• **Work instructions**
Leave out every picture and set down, exactly, the lines below from the one holding "- napięcie zmienne AC: 6.000V/60.00V/600.0V" up to and including the one holding "1、使用【开心车主】前,需点击【同意】【用户协议及隐私政策】,确认服务规则。".

++++

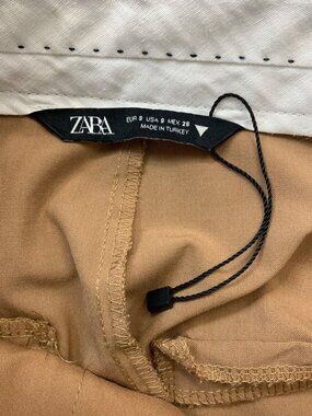 This Zara women’s Trouser Pants makes a statement due to it's pleated front, straight wide leg, high rise, zip fly with slide/button closure, full length, pockets, belt loops, faux back pockets and tan light brown shade.
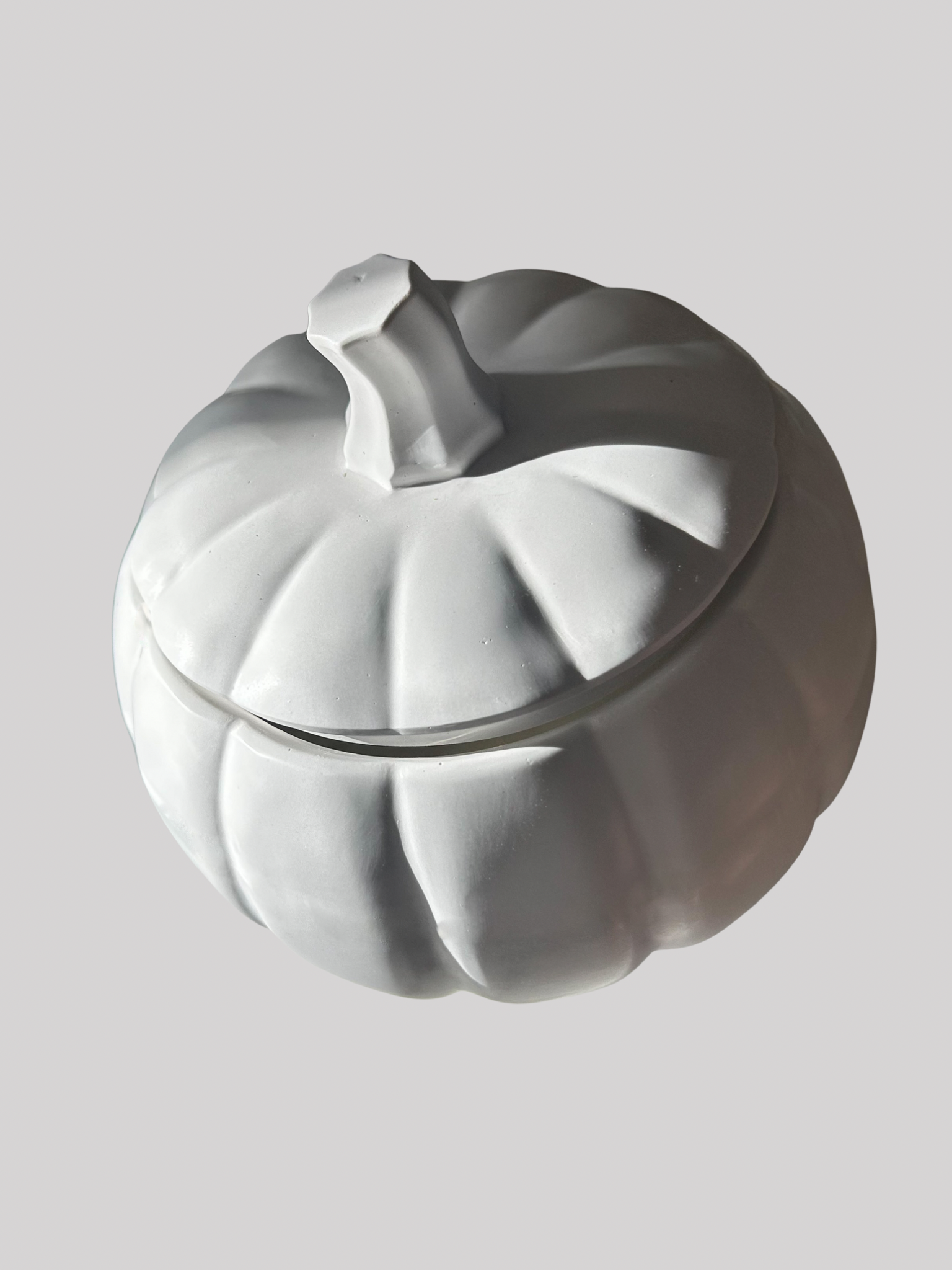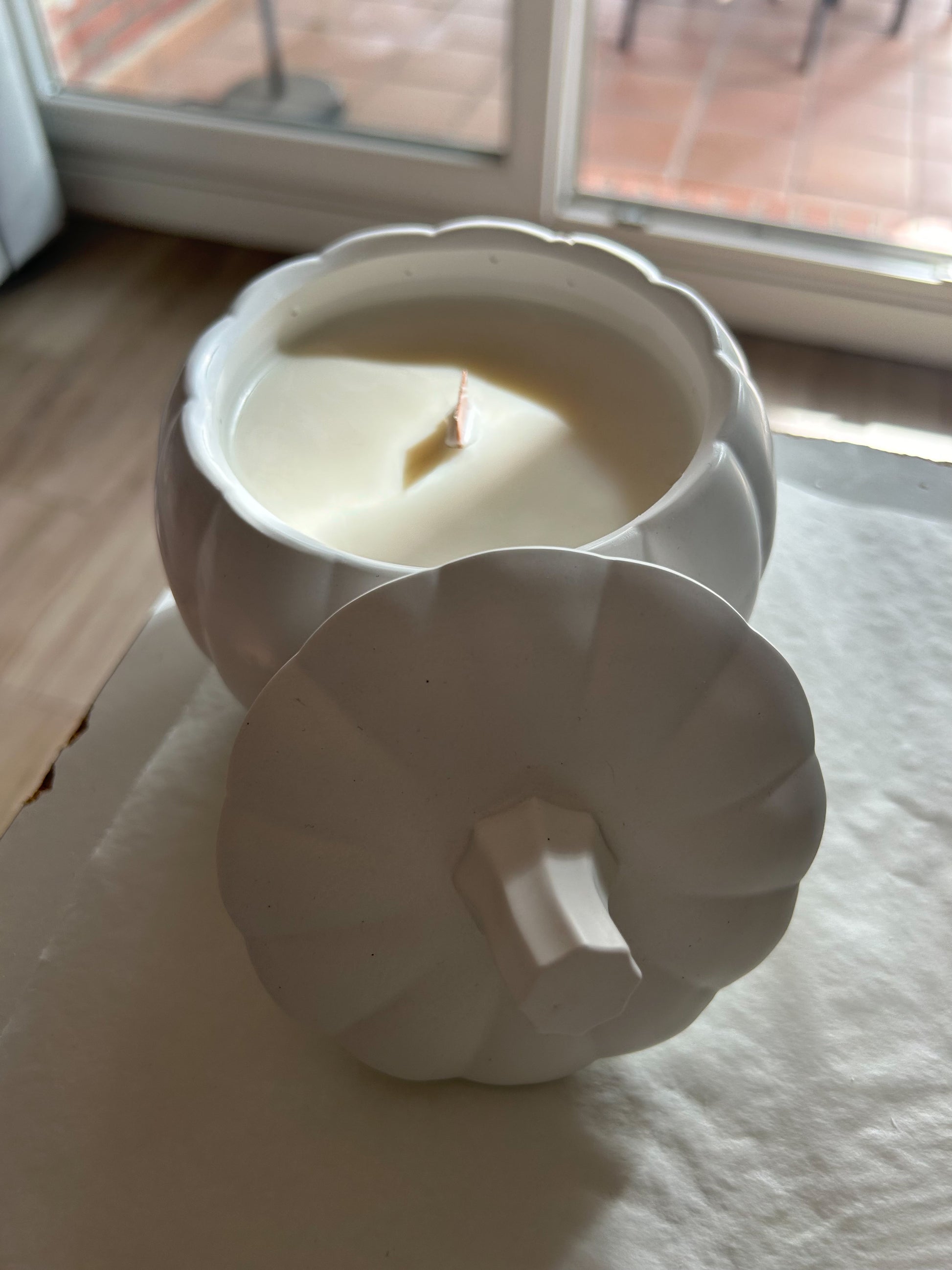 Vela de cera de soja con resina acrílica en forma de calabaza cucurbita.
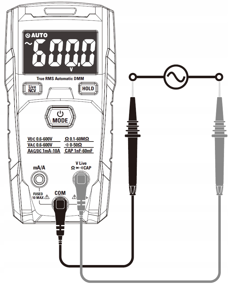 - napięcie zmienne AC: 6.000V/60.00V/600.0V
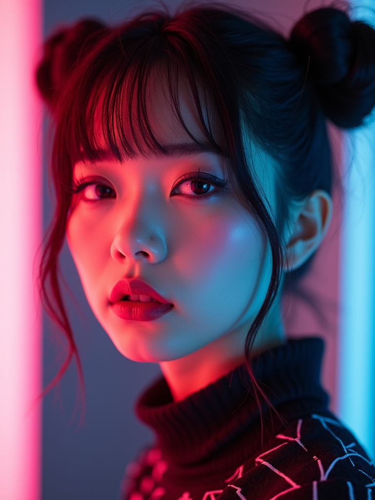 Close-up of model as an E-Girl portrait with soft goth makeup. Blush-heavy cheeks, glossy lips, dramatic eyeliner, space buns hairstyle . Neon cyberpunk background.
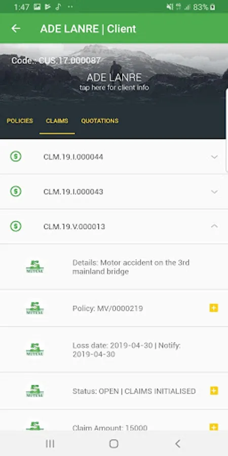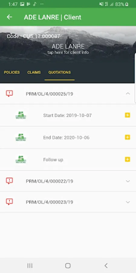 This application is for Mutual Benefits Agent to manage their costumers policies i.e buy, renew and complete a transaction on behalf of a customer. Thr agemt cam also perform the following
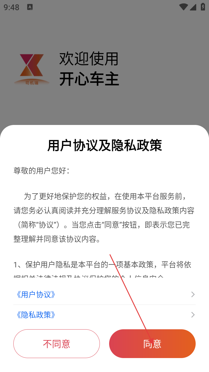 1、使用【开心车主】前,需点击【同意】【用户协议及隐私政策】,确认服务规则。
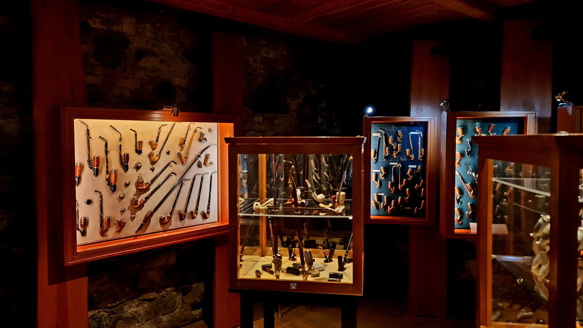 Der erste Teil bot den Poeten einen Einblick in den vollständigen Anfang der handwerklichen Tabakproduktion bis hin zu den ersten Drehmaschinen und anderen Maschinen. Ein sehr freundlicher Museumsführer fügte interessante Erklärungen hinzu, was er auch für die kuriosen Stücke in der Sammlung des Museums tat (siehe Fotos). Dieser Teil war zudem in zwei Sektionen unterteilt. Sektion A enthielt die erwähnten Maschinen und die Sammlung von Pfeifen. Sektion B hingegen zeigte künstlerische Werke, die mit Pfeifen verbunden sind, wie das berühmte Bild "Das ist keine Pfeife" von René Magritte. Außerdem gab es hier den Rest der Museumsammlung zusammen mit Pfeifen bekannter tschechischer Persönlichkeiten (z.B. die Peterson-Pfeife von Karl Schwarzenberg).
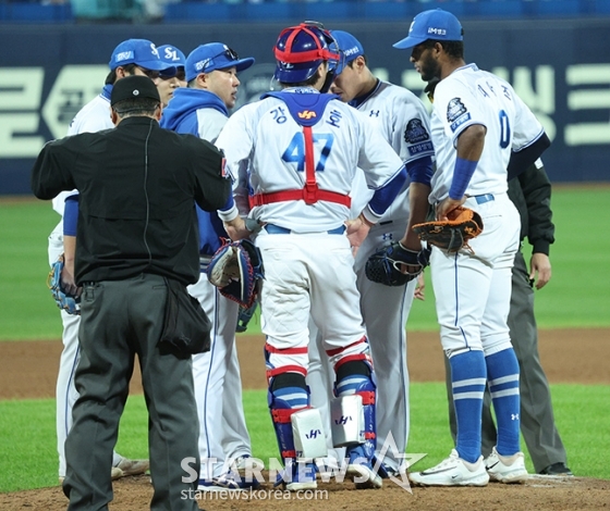 스포츠야구[포토] 박진만 감독 '절묘한 방문'발행 : 2024.10.25 ・ 22:11대구=김진경 대기자'2024 KBO 포스트시즌 한국시리즈 3차전' 삼성-KIA전이 25일 대구 삼성라이온즈파크에서 열렸다.삼성 김재윤이 9회초 흔들리는 모습을 보이자 박진만 감독이 마운드에 올라가 진정시키고 있다.<저작권자 © 스타뉴스, 무단전재 및 재배포 금지>한국시리즈이범호김도영김영웅네일원태인추천 기사김진경 대기자기자홈좋아요 스포츠-야구의 인기 급상승 뉴스스포츠-야구의 최신 뉴스
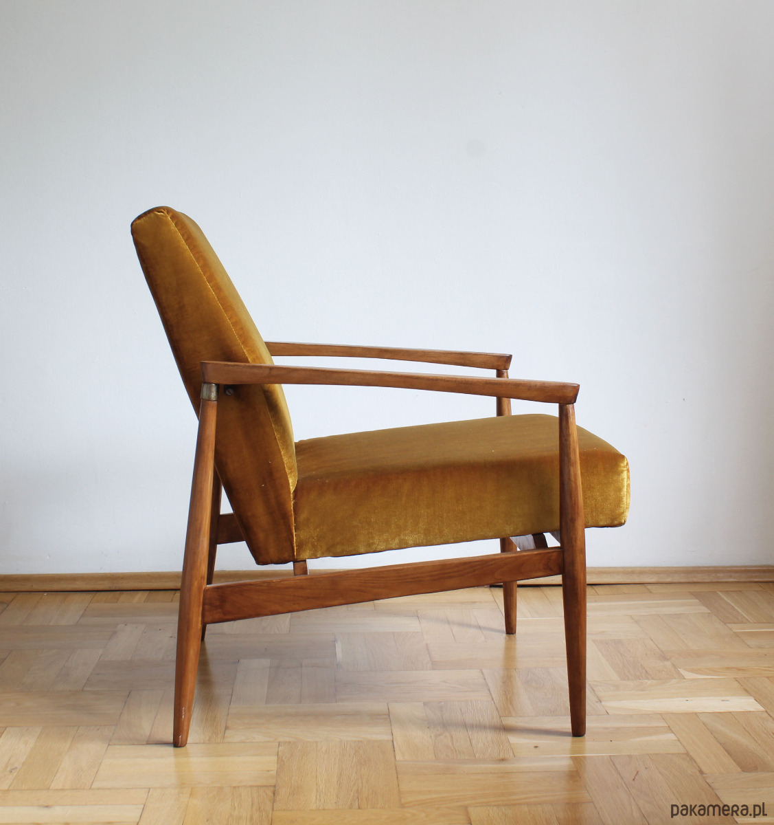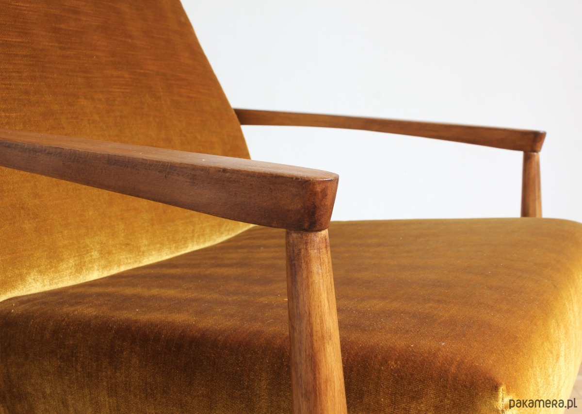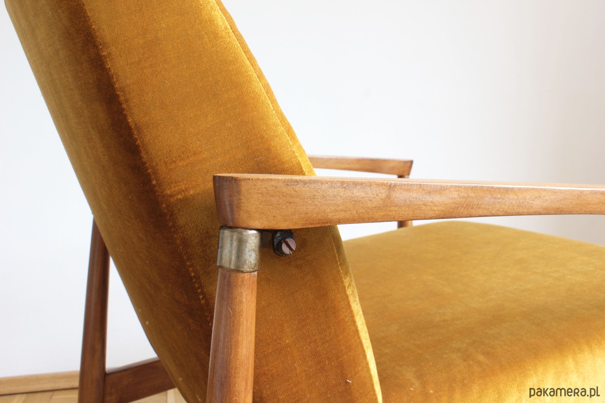 Fotel jest po gruntownej renowacji tapicersko-stolarskiej. Konstrukcja wykonany z drewna dębowego. Drewniane nogi zostały gruntownie oczyszczone, wybarwione na kolor ciemny dąb i pokryte lakierem w półmacie. Charakterystyczny kształt fotela to ikona czechosłowackiego designu. Tapicerka wykonana z wysokiej jakości aksamitu w złoto-żółtym kolorze.
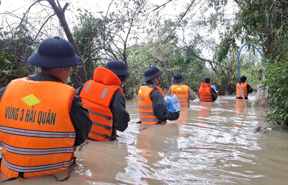 Các chiến sĩ Trạm 555 và 3512 (Vùng 3 Hải quân) đến hỗ trợ người dân tại tổ 8, khu vực 2, phường Quy Nhơn Bắc, tỉnh Gia Lai
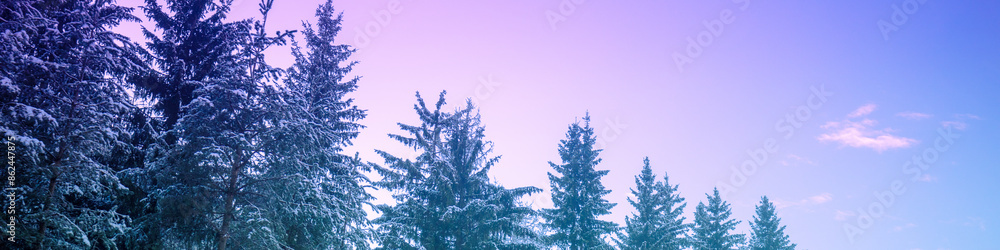Snow-covered spruce trees against the backdrop of the sunset sky. Horizontal banner
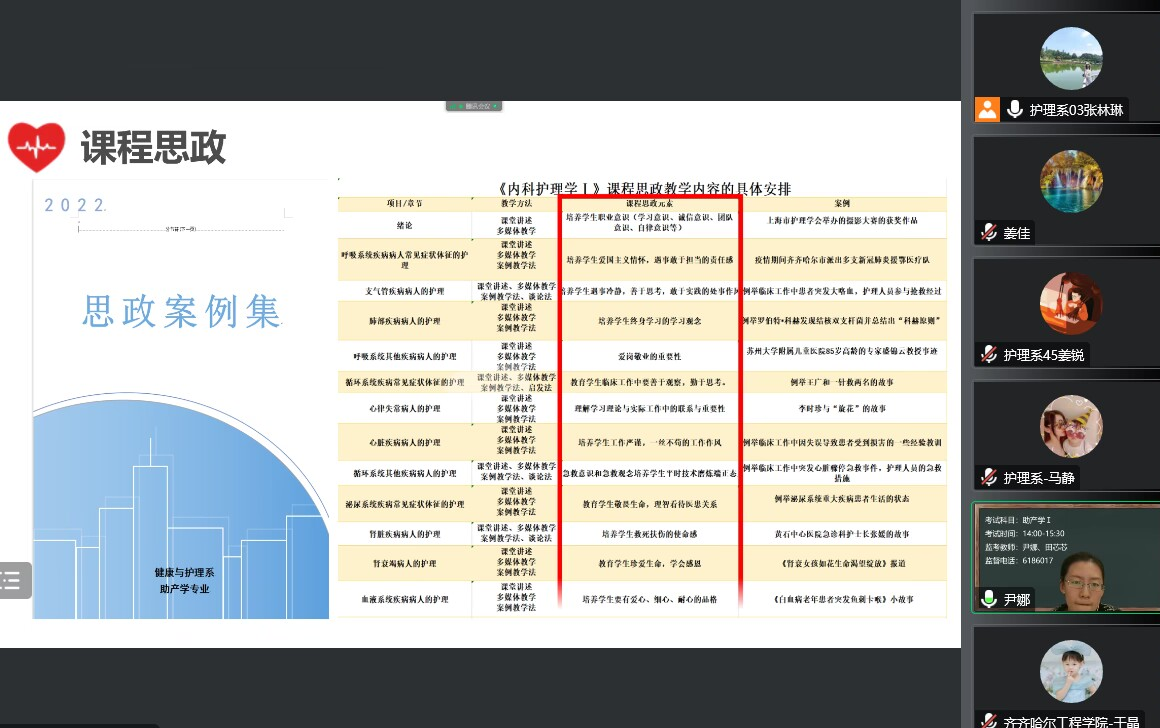 12月29日下午,护理学专业组织教师在线进行应用型特色课程交流评比活动。6名来校工作一年的教师参加,专业长张林琳主持。
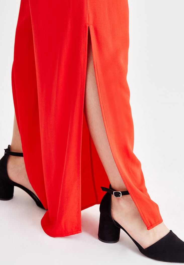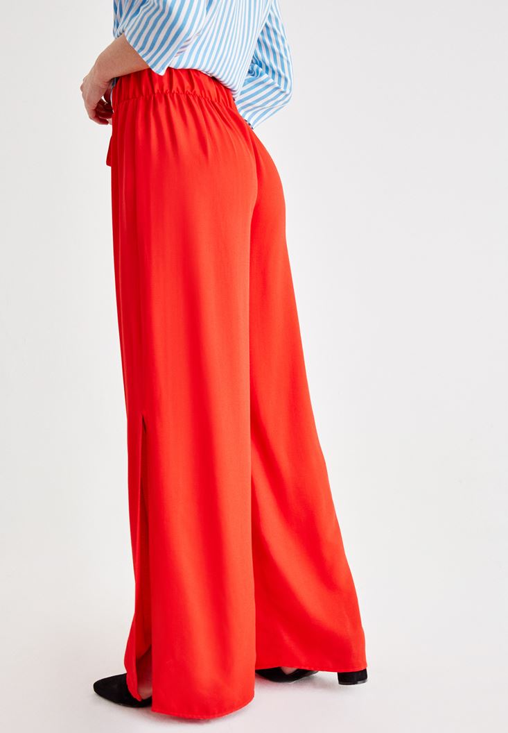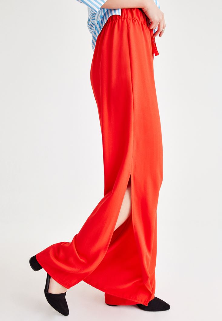 • Bayan Kırmızı Beli Bağlamalı Yırtmaç Detaylı Pantolon
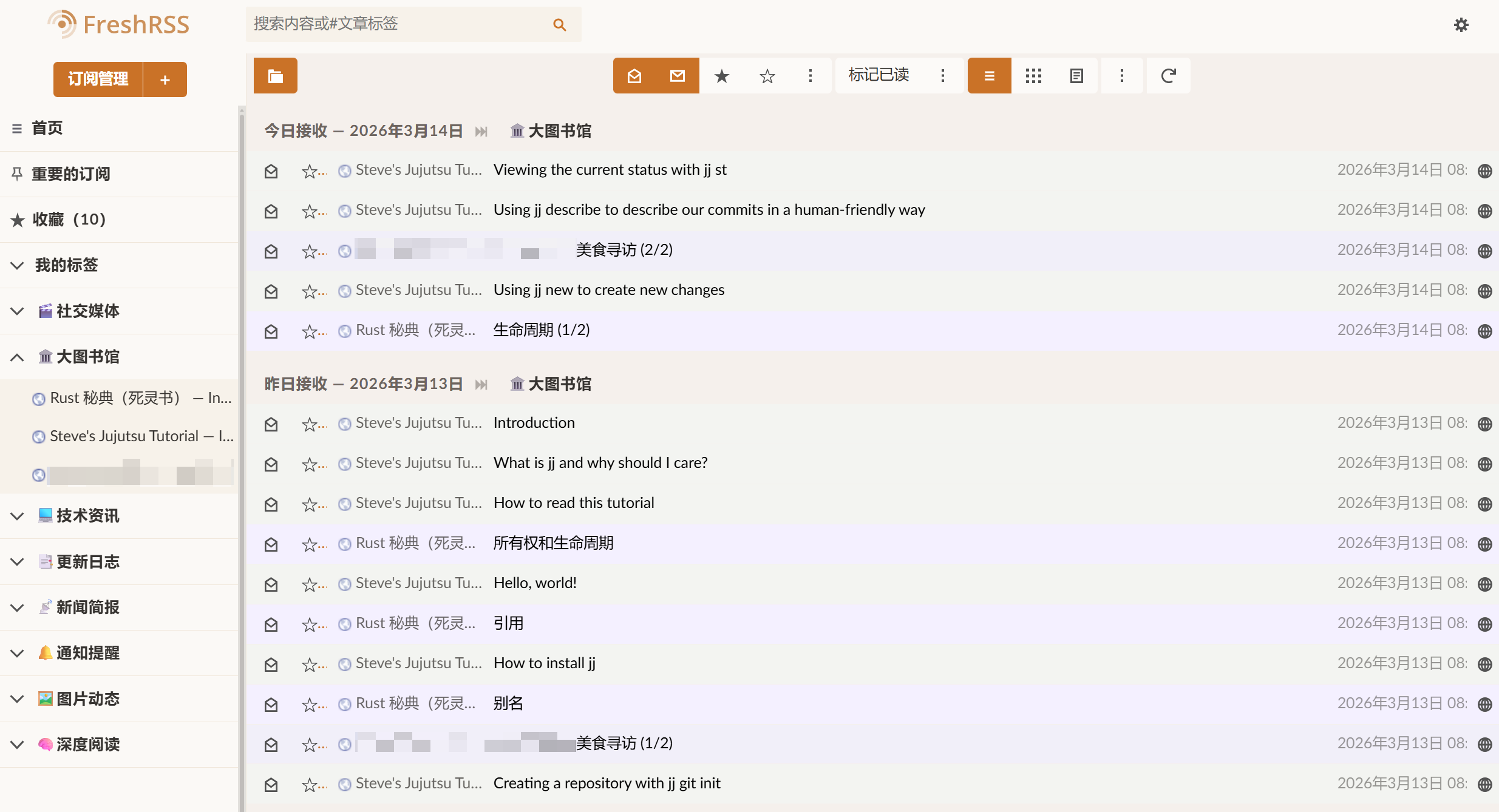 斟酌后,我试用了一下 FreshRSS,然后没有继续折腾了。

++++

• **Solution**
 - napięcie zmienne AC: 6.000V/60.00V/600.0V
 Close-up of model as an E-Girl portrait with soft goth makeup. Blush-heavy cheeks, glossy lips, dramatic eyeliner, space buns hairstyle . Neon cyberpunk background.
 This application is for Mutual Benefits Agent to manage their costumers policies i.e buy, renew and complete a transaction on behalf of a customer. Thr agemt cam also perform the following
 1、使用【开心车主】前,需点击【同意】【用户协议及隐私政策】,确认服务规则。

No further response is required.